A Severed Flower

If I cut a beautiful flower off its plant and bring it indoors, I seem to have done a clever thing. No longer need I step outside to enjoy the bright colors and intoxicating fragrance – it’s right there on my desk.

However, the next day I notice the flower is less colorful and its perfume a little fainter. Later the flower fades and shrivels. Its sisters out in the garden are still magnificent. This is the sad secret of the severed flower.

The fragrant flower of civilization is frighteningly fragile. While connected to its Judeo-Christian roots, all is well. About fifty years ago there began a process of severing America from its roots. The process of secularizing our culture continues today.

At first it seemed clever. No longer were we confined by the rules and restraints of religion. No longer did we have to think of cosmic right and wrong.

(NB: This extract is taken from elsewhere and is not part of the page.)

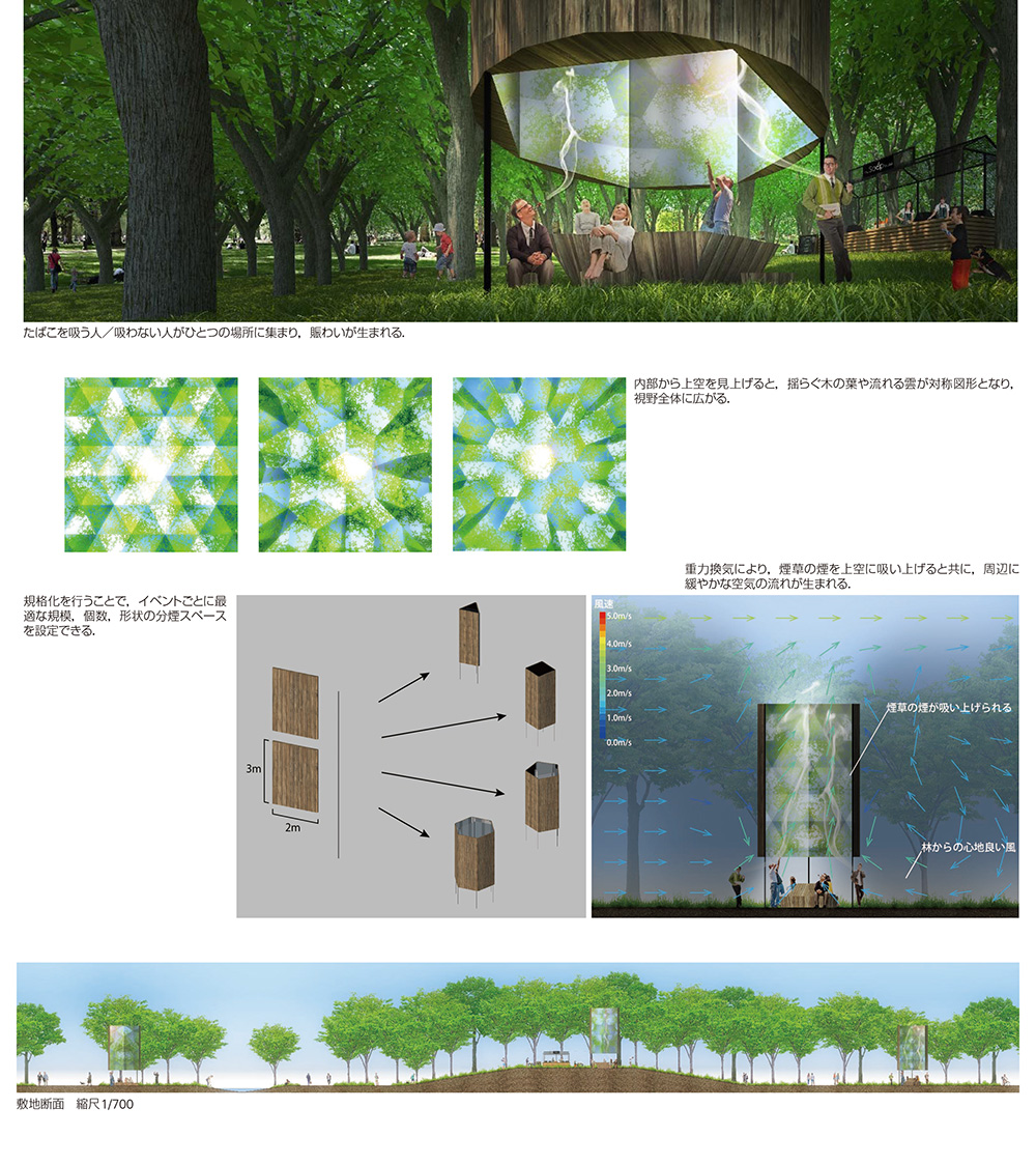 風を感じる緑の万華鏡空間.高さ6mの煙筒を喫煙スペースに設置.重力換気により,周辺の煙を上空に排出する.煙筒内に取り付けられた鏡板は太陽光を反射し,たばこが吸える場所を明るく照らす.内部から上空を見ると,視界全体に無限に広がる樹木の枝葉や空模様が広がる. 自然の動きに伴い,変化し続ける対称図形は,自然のアートとしてたばこを吸う人以外にも親しまれる.鏡板の枚数/角度が異なることによって,それぞれの場所で違う図形を楽しむことができる.

But gradually we began to shrivel and gradually we began to fade. Sadly, life in America has become more expensive, vulgar and alienated. Yet one great distinction stands between a flower and our culture: we can be reattached to our religious roots.

Those religious roots nurture three areas:

First, marriage. Would marriage have evolved naturally? Would a man or a woman have thought of it first? Men are happy to date for years. Seldom does the man say, “Darling, we ought to be thinking about our future?”

Maybe a woman first said to a man, “I have this great idea – why don’t we create something called marriage?” He replied, “What’s marriage?” She said, “It’s easy. You stop looking at other women and when I have a baby, you take care of us – hey, come back I’m not finished talking.”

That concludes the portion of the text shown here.